# Radon Slide Hybrid Rahmengröße



## huxi (28. Mai 2017)

Hallo,
ich habe vor mir das "Radon Slide 140 Hybrid 7.0 Vario" zu bestellen und bin mit wegen der Rahmengröße nicht ganz sicher.

Körpergröße: 182cm 
Schritlänge: 85cm (ohne Schuhe)

Nun steh ich vor der Wahl ob 18" oder 20". Tendiere eher zum 20", die eher größere Oberrohrlänge (618mm) schreckt mich allerdings etwas ab. 

Bin schon auf einem Swoop 170 (2016) in 20" gesessen, würde sagen das ist so an der oberen Grenze (gestreckte Sitzposition).

Was würdet ihr mir empfehlen?

Beste Grüße
Huxi


----------



## Airigh (29. Mai 2017)

Also ich bin mit meinen 180 und 86 SL auch vor einer ähnlichen Entscheidung gestanden, da bei mir prinzipiell beide Rahmengrössen gepasst hätten. Ich habe mich aus dem Bauch heraus (allerdings beim Slide 150) für 18" entschieden, bin vorher auch auf einem 18" ZR Race gefahren und das hat mir ganz gut gepasst.
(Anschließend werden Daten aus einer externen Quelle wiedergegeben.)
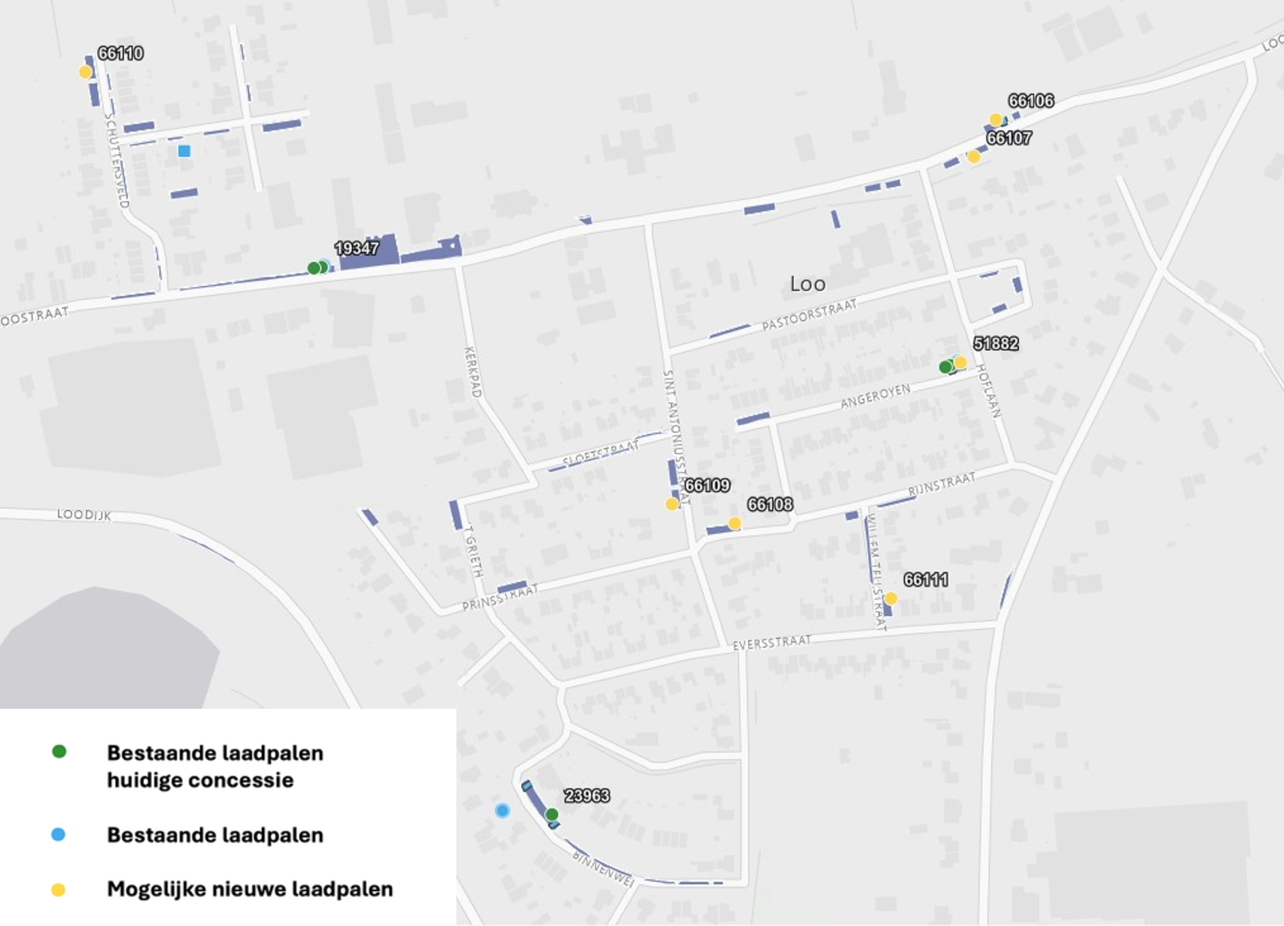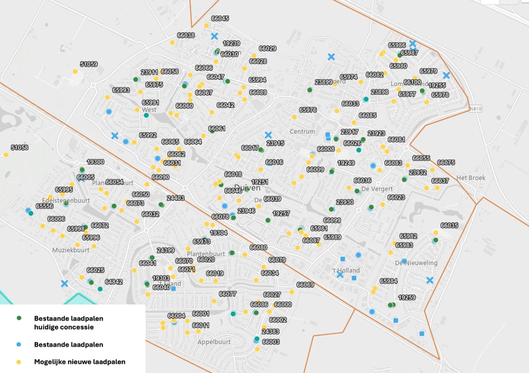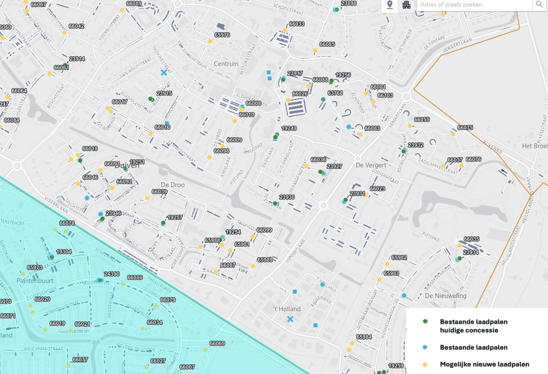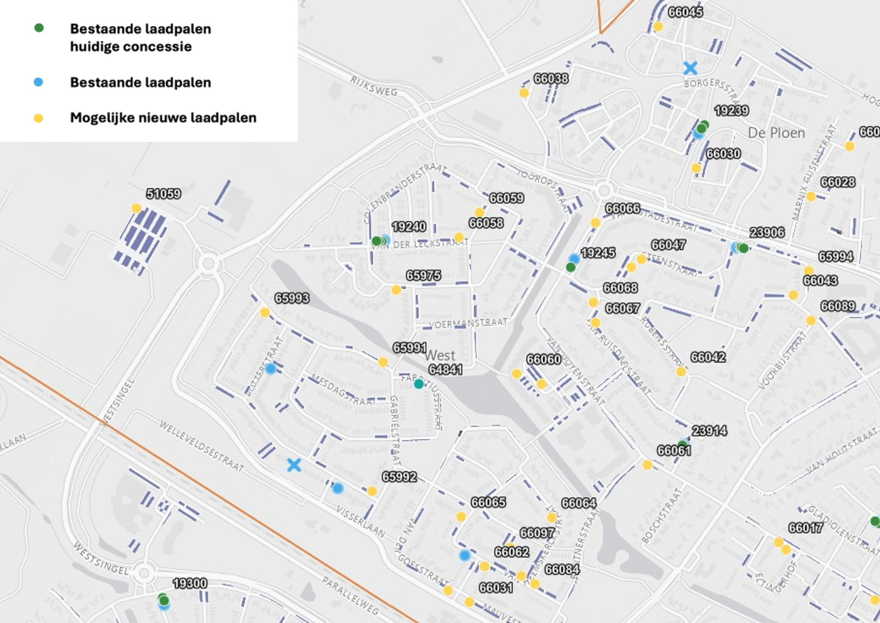 Op de plankaart worden de publieke laadpalen weergegeven in onze gemeente. De gele locaties zijn de plekken waar de komende jaren een laadpaal kan komen te staan als er een aanvraag komt, als een laadpaal veel gebruikt wordt, of als we proactief locaties bijplaatsen. De bestaande laadlocaties zijn weergegeven in blauw (eerder geplaatst) en groen (geplaatst in de huidige concessieperiode).

Beim Slide in 18" muss ich sagen, mir passt die Grösse perfekt, was grösseres würde ich nicht wollen - ist aber nach ganz persönlichem Geschmack, sprich nicht zu viel beeinflussen lassen, für dich muss es im Endeffekt passen ;-)


----------



## MTB-News.de




----------



## BODOPROBST (6. Juni 2017)

Ihr könnt beide 18+20" Fahren, eigene Vorlieben 18" comp. oder reichlich. mit 20".   Gruß Bodo


----------